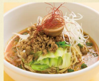
担々麺(温または冷) 1,200円
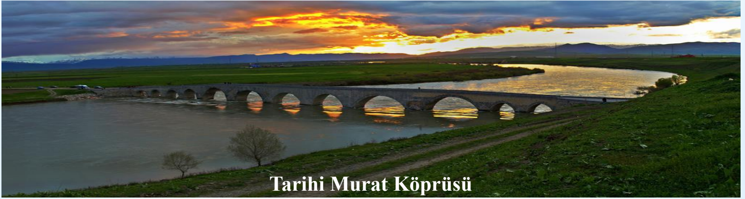
Tarihi Murat Köprüsü
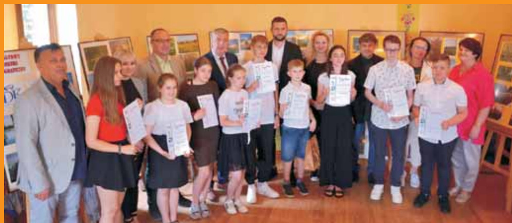
Tradycja interesuje mądrych.
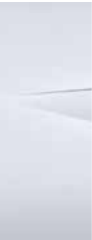
Atlas white (WAM)
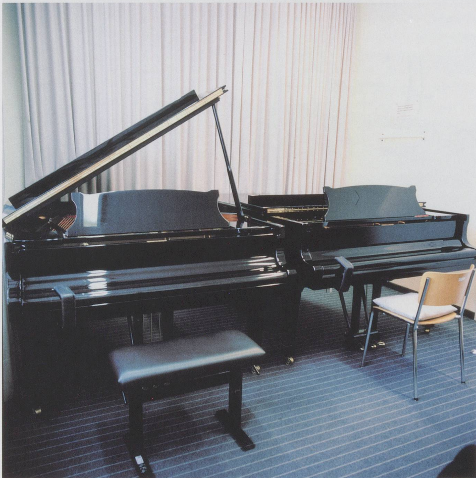
Oben: Jazzcampus Basel, Utengasse 15; unten: Hochschule für Musik Basel, Leonardsstrasse 6.
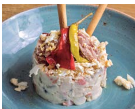
Salade russe 7,75 Avec mayonnaise, petits pois, olives, thon et œuf dur
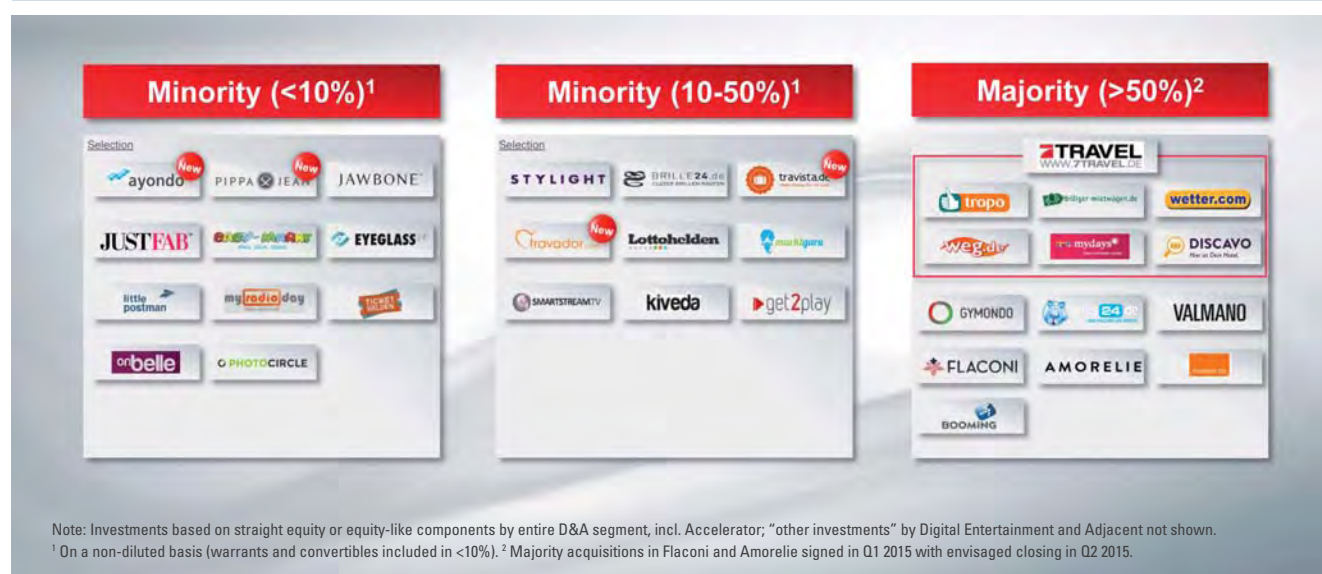
Abb. 3: Das digitale Beteiligungs-Portfolio von ProSiebenSat.1

◆ ◆ ◆

* [WORK INSTRUCTIONS]: Transcribe every line of the data exactly. No pictures go in the copy.

* [WRITTEN ANSWER]:
担々麺(温または冷) 1,200円
Tarihi Murat Köprüsü
Tradycja interesuje mądrych.
Atlas white (WAM)
Oben: Jazzcampus Basel, Utengasse 15; unten: Hochschule für Musik Basel, Leonardsstrasse 6.
Salade russe 7,75 Avec mayonnaise, petits pois, olives, thon et œuf dur
Abb. 3: Das digitale Beteiligungs-Portfolio von ProSiebenSat.1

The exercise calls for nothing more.